I can think of three solutions right now:

  1. In your program instead of just starting packed_app.exe and listening to its stdout, you find the actual unpacked app's process, attach to it and listen its stdout. I can make it so unpacker exe will print to its output the PID of the unpacked app.
  2. Make a switch in Appacker for redirecting packed app's output, but this way packed_app.exe will be usable either in normal way or via listening its output in a program. Not an ideal solution.
  3. Maybe it's possible to make Unpacker re-broadcast unpacked app's output without stealing it? Not sure, but it would be perfect. Though only for output, you can't do that way input.
jochemstoel commented 6 years ago

Thank you very much for looking into this so deeply but based on your findings I think Appacker is not the right solution for this project.

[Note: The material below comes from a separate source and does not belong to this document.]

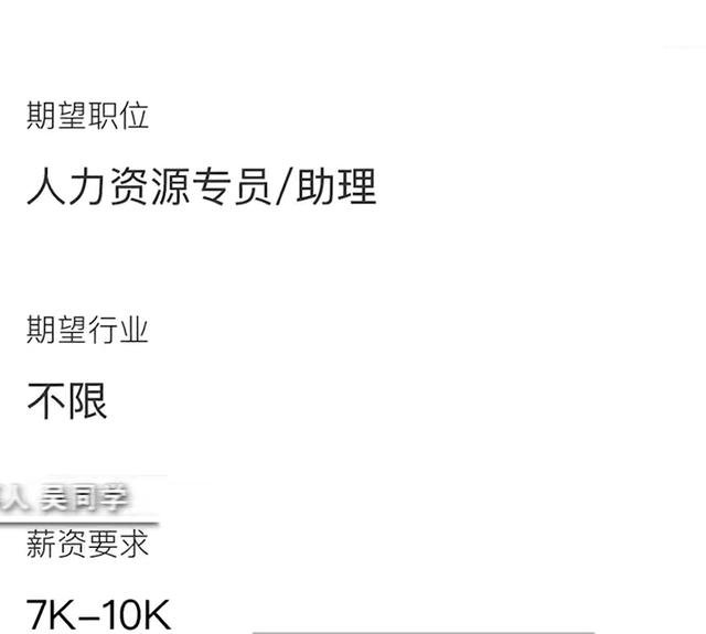 当事人吴同学称,自己目前是大四在读,想找一份实习工作。“校招的时候,有一家公司给出了7千块钱的底薪,之前想去一线城市工作,就把期望薪资改到了7千到1万。”

SerGreen commented 6 years ago

Well, feel free to open new issues/suggestions if you'll come up with an idea to improve Appacker.
Cheers!

SerGreen commented 6 years ago

Ok, hold on, i may have found a way to fix this. I don't know why i haven't thought of this earlier, it is so simple:

There's a way to detect if stdout of the current process was redirected: Console.IsOutputRedirected. That means that i can simply check if output of the unpacker was redirected and if that's the case, launch target app and redirect its i/o too. So when you launch packed app in regular way, you see its output in its console, but if you programmatically redirect stdout of the packed app, you'll receive output stream of the target app.

Here's a demo screenshot. On the left is the regular launch (except the background window is actually hidden in the release build) and on the right is the listener app that launches another app and redirects its output to the console.
The only drawback is that i had to make unpacker.exe Console Application instead of Windows Application, and now its window briefly flashes when you launch a packed app. I can't find a way to make it hidden completely.

I have updated the v1.3.4 release, check it out and see if it works as you need.

SerGreen commented 6 years ago

I guess i'll close this issue as fixed.